Gabriel Albiac: Mundo de después de ayer

2 de marzo de 2020

Nacionalismo 7




Nacional… Ni a los monos se les ocurriría semejante idea… A lo mejor son los monos los que proceden de los nacionalistas, pues los monos suponen un progreso». Lo deja caer Joseph Roth, con ácido desprecio. Corrían vísperas de fin del mundo. Porque el mundo de los hombres se lo llevan los hombres por delante cada vez que apuestan por el vértigo del sinsentido. El mundo, nuestro mundo, es la red de leyendas que da sentido al mundo.

El último de esos íntimos apocalipsis lo vivió Europa en el gran carnaval de entreguerras. Roth, en paralelo a Zweig, narró su clave: «De la humanidad a la bestialidad por el camino de la nacionalidad». Nada hay más duro para quienes un día se soñaron cosmopolitas. El fin de Zweig y Roth fue paralelo: huérfanos de una edad de oro. Convendría meditar qué es lo que acaba ahora. Como en 1934, cuando una banda tabernaria se impuso en Centroeuropa. Y redujo el «mundo de ayer» a un puñado de ceniza.

En el año 2000, publiqué un libro que hablaba de la extinción de las lógicas representativas: «Desde la incertidumbre».

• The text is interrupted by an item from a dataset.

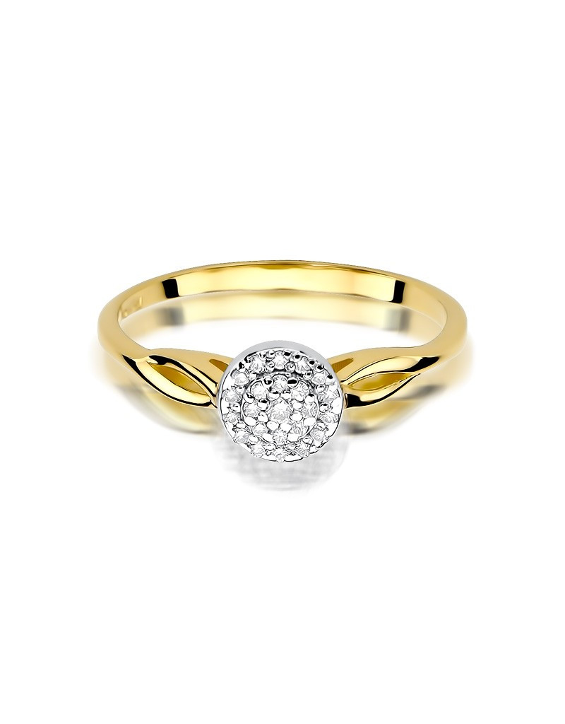 Pierścionek z brylantami w żółtym złocie, niepowtarzalny wzór, idealnie pasuje na delikatną kobiecą dłoń.

Albiac desde la incertidumbre
Decía cosas muy elementales: que la irrupción telemática hacía ociosa la distinción entre representante y representado: todo (todos) está (están) en todas partes simultáneamente; cada libro de la biblioteca de Georgetwon está en mi ordenador, y cada manuscrito de la Nacional Francesa; cada sujeto -genial o descerebrado- posee, desde su portátil, la potencia comunicativa de un ministerio de propaganda; el artefacto representativo no es ya el Parlamento, es el televisor, cuya representación es invertida: la máquina se representa en sus espectadores. Sobre tal dispositivo, ¿puede seguir hablándose, en rigor, de democracia?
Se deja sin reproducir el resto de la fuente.